I shrugged, giving her my best I-don’t-care face. She handed me the paper towels and I blotted up the mess, glad to have something to distract me from the conversation. “Then just let me be stupid,” I replied, ducking under the table to clean the floor.
“Fine,” she said, and I heard her leave the room. “You’ll just have to make your own mistakes.”
On one hand, I was glad my mom wasn’t going to interfere, but I think I secretly wished she would. I don’t know, maybe that’s even why I overlooked telling her a cover story about Jason’s mom. This had gone way farther than I expected, and I didn’t see any way out any longer. I mean, that first night when I kissed him and promised myself that I would do my best to make him happy, I wasn’t planning on eventually breaking up with him or anything, but I guess I didn’t really see the big picture. That big picture was now staring me in the face every time I glanced down to see that stupid, sparkly ring on my finger.

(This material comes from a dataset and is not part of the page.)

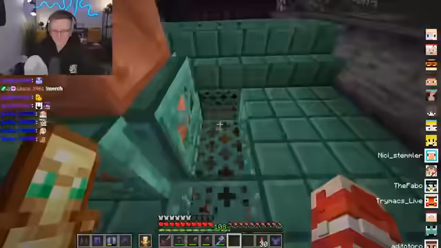 00:14:34Es findet eine Diskussion über den bevorstehenden Twitch Recap statt, bei dem spekuliert wird, welche Streamer der Host dieses Jahr am meisten gesehen hat. Anschließend widmet man sich wieder dem Bauvorhaben in Minecraft, wobei der Fokus auf der Fertigstellung der Containerstruktur liegt. Es wird darüber debattiert, ob zunächst dekoriert oder die wichtige Infrastruktur wie Treppen gebaut werden soll. Ein Zuschauer weist zudem darauf hin, dass ein Container eine offene Tür benötigt.

His words about eventually marrying me and starting a family haunted my sleep, and I started having nightmares that I was the one who was pregnant, instead of Grace. Sometimes I was driving a car and it wouldn’t stop and all of a sudden I saw people tumbling over the windshield. Sometimes I was walking through a house full of my kids and there were pills all over the carpet and I was trying to scoop them up before my babies ate them. I woke up, gasping for air nearly every night and all I could do was roll over and try to get back to sleep, fighting back tears.

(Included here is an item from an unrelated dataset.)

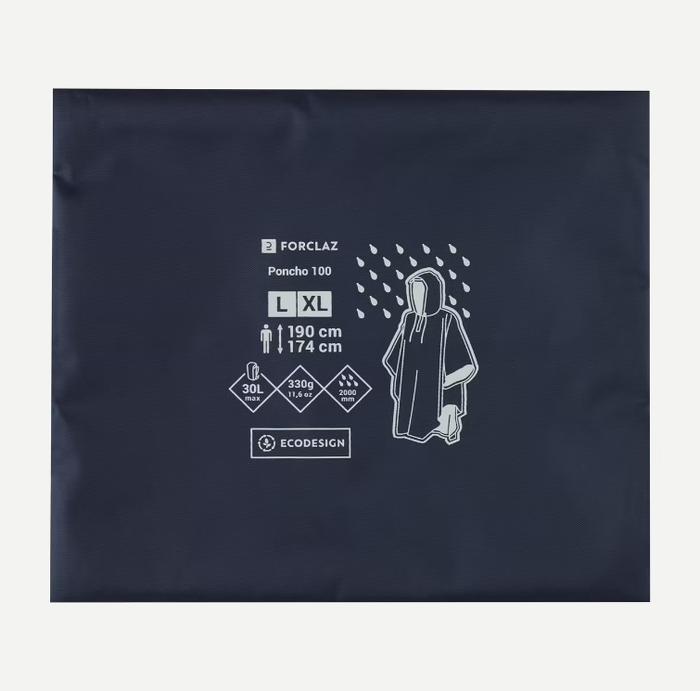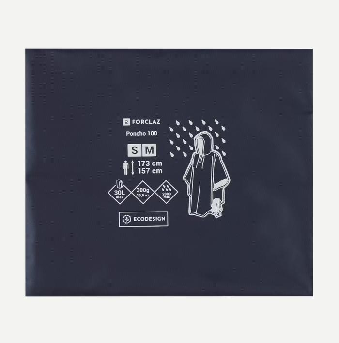 FORCLAZ TREK 100 PONCHO JAS HUJAN TREKKING DEWASA RINGAN - S/M

Throughout it all, I tried to think of some way to approach Asher, to make him understand what was going on without explicitly telling him. I was dreading the end of
the school year because it meant I might not see him for months, but there was one event I was looking forward to: my birthday. Asher had never, ever missed my birthday, even when his grandmother died and he had to fly out to Florida. He still borrowed someone’s laptop and started a video chat with me in order to wish me a happy birthday. If there was any way to get him to reach out to me, it would be on my birthday. And I was right, I did end up seeing him on that day, but not at all in the way I had hoped. In fact, it rivaled the nightmares that plagued me every night.
Chapter 11
I woke up on my birthday with a sense of hope in my chest. Jason and I had plans to go see a movie later that day, but as I headed to school, I thought of all the ways in the past that Asher had surprised me for my birthday. There was the time he bought me the exact CD I wanted, without even asking him, or the time he decorated my entire room with balloons and streamers while my mom kept me occupied at the pool, but I think one of my favorite birthdays was the year I turned eleven.
That year, nobody remembered my birthday. Well, my mom made me pancakes and bacon for breakfast, but none of the girls at school had a clue. It’s not like I tried to hide it – I had been mentioning it all week, but when I arrived at school, it was just another boring day. Near the end of the day, Sammy remembered and gave me a quick hug and a, “Oh, happy birthday!” as she ran off home, but that was it.
I was convinced that nothing could cheer me up and it was the lousiest birthday ever as my mom drove me home. It didn’t help that I had a backpack full of homework. I noticed my mom glance at me in the rearview mirror a few times, but she remained silent. As we pulled into the driveway, there was a sudden thump as the car bumped up over something.